The problem:
Could you copy exactly the lines below, beginning at the line with "Proposed Lower Level" and stopping after the line with "Figure 1: 'hand pain' by jilly999", with no pictures?

[Dataset excerpts]
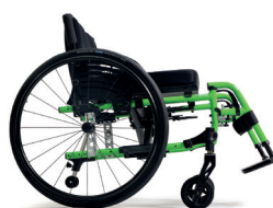
C85 Bright green
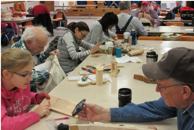
Chip Carving instruction will be available at most meetings with Rich Wagner.
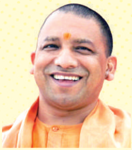
Shri Yogi Adityanath Chief Minister, U.P.
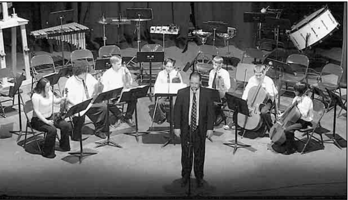
Raton Middle School Beginning Orchestra
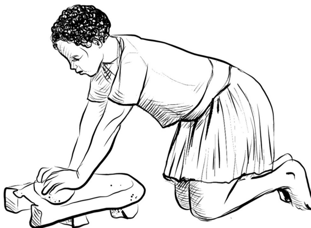
Figure 2. African women (grinding millet). Adaptation of the original photo of a Matabele woman, Africa, 1930s. The drawing was reproduced with permission from Mary Evans Picture Library, www.maryevans.com .

In traditional societies of East Africa, elderly women who had previously gone through initiation rituals were key in mentoring young girls into womanhood. According to Fair (1996), female initiates in Zanzibar between the 1890s and 1930s were taken through a series of lectures, dances, songs and demonstrations that related to a range of women's issues: male and female structures, the physical aspects of sexuality, desire and orgasm, masturbation and physical relations between men and
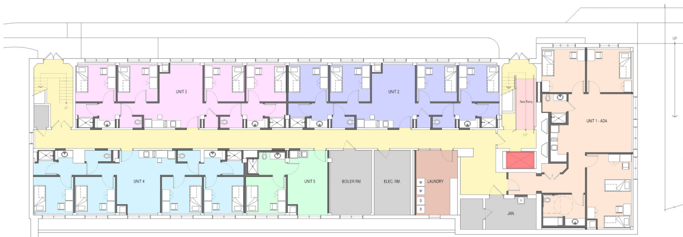
Proposed Lower Level of Prentis Hall 17 Beds in 4 - 4 Bed Suites + 1 - 1 Bed Suite
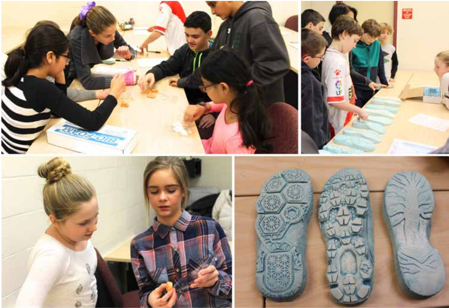
Some of our shoe impressions were quite impressive.
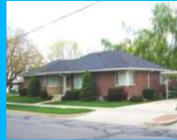
1196 S 1900 EAST A
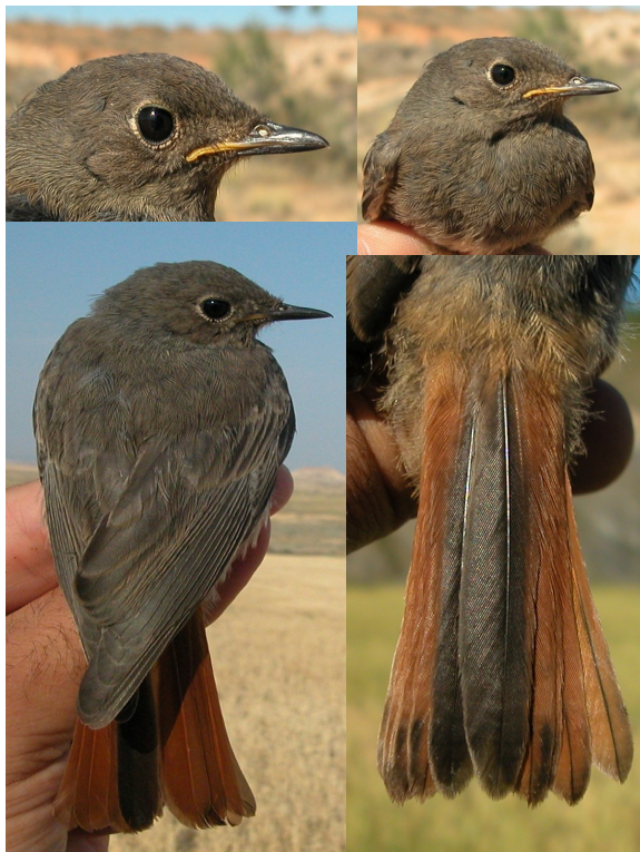
Black Redstart: with plain colour; unspotted plumage; red tail with dark central feathers.
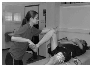
Figure 4: PNF-pattern (knee flex.)

The movement series was performed according to the principles of PNF in the right diagonal so the IPNFA determined that. The motion started with an initial stretch, it is a reflex, then our body movement followed the movement of the subject's limb, so a continuous resistance was being given.
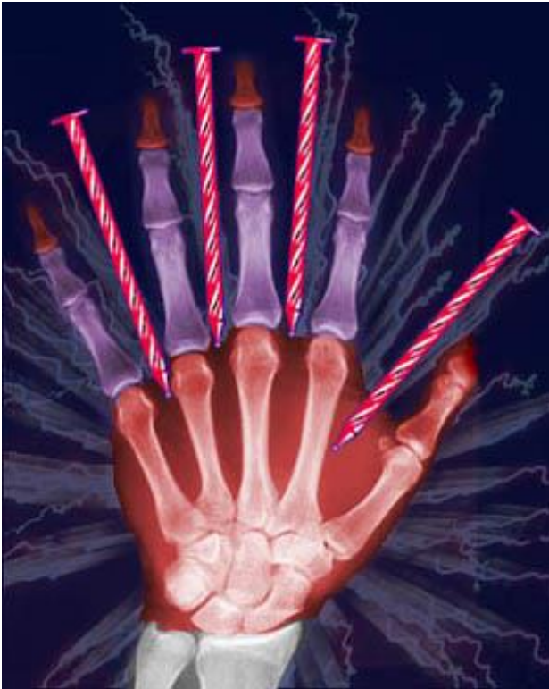
Figure 1: 'hand pain' by jilly999

Immediacy is central to Flickr. The default, photostream setting is chronologically based and loads newest images first. Van Dijck characterises it as ‘a constantly changing database that lacks even the most elementary principles of an archive’s ordering and preservation system’ (2011: 409). An ongoing series such as a 365 project allows a more sustained, less fragmented narrative structure to appear. Images may still be viewed out of context, but often reference is made to the fact that the images are part of a series; they refer to other images. What these series show is the passage of time: chronic pain and chronic illness don’t simply cause severe suffering in an instant, but are part of an extended daily struggle. For instance, in a series from a 365 project by user Snowflakesarewhite, ‘spoon theory’ 1 is illustrated literally by showing how many ‘spoons’ (units of energy) are used during daily activities such as showering and having breakfast. The caption on the image below refers to the energy it takes to stand up in the shower, to lift her hands above her head to wash her hair, and deal with the effects of the heat and humidity. The photographer’s feet and painted toenails

Exercise result:
Proposed Lower Level of Prentis Hall 17 Beds in 4 - 4 Bed Suites + 1 - 1 Bed Suite
Some of our shoe impressions were quite impressive.
1196 S 1900 EAST A
Black Redstart: with plain colour; unspotted plumage; red tail with dark central feathers.
Figure 4: PNF-pattern (knee flex.)

The movement series was performed according to the principles of PNF in the right diagonal so the IPNFA determined that. The motion started with an initial stretch, it is a reflex, then our body movement followed the movement of the subject's limb, so a continuous resistance was being given.
Figure 1: 'hand pain' by jilly999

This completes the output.